__Listed records__.
+++
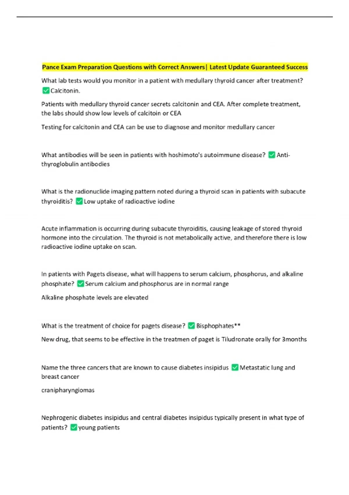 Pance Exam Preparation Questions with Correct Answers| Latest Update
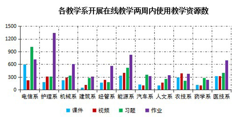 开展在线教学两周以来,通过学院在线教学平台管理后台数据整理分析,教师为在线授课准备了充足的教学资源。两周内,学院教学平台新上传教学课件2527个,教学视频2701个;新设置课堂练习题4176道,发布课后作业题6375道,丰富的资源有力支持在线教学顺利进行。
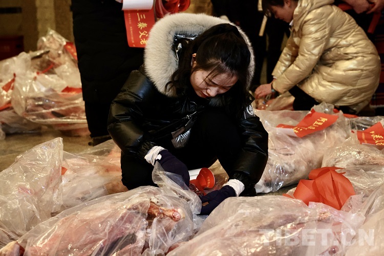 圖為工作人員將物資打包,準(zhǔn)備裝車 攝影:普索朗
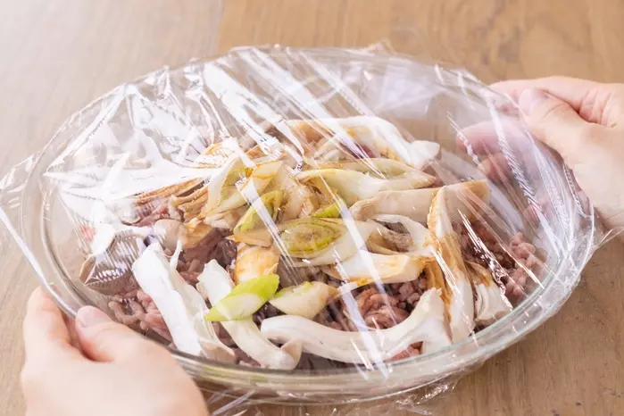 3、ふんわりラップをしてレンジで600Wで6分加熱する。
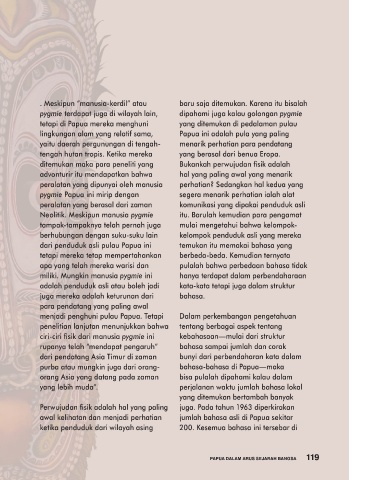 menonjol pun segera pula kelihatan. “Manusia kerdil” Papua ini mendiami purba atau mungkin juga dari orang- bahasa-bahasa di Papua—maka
+++
__Task to carry out__. What you return should match the entries word for word, pictures aside.

__Completed exercise__.
 Pance Exam Preparation Questions with Correct Answers| Latest Update
 开展在线教学两周以来,通过学院在线教学平台管理后台数据整理分析,教师为在线授课准备了充足的教学资源。两周内,学院教学平台新上传教学课件2527个,教学视频2701个;新设置课堂练习题4176道,发布课后作业题6375道,丰富的资源有力支持在线教学顺利进行。
 圖為工作人員將物資打包,準(zhǔn)備裝車 攝影:普索朗
 3、ふんわりラップをしてレンジで600Wで6分加熱する。
 menonjol pun segera pula kelihatan. “Manusia kerdil” Papua ini mendiami purba atau mungkin juga dari orang- bahasa-bahasa di Papua—maka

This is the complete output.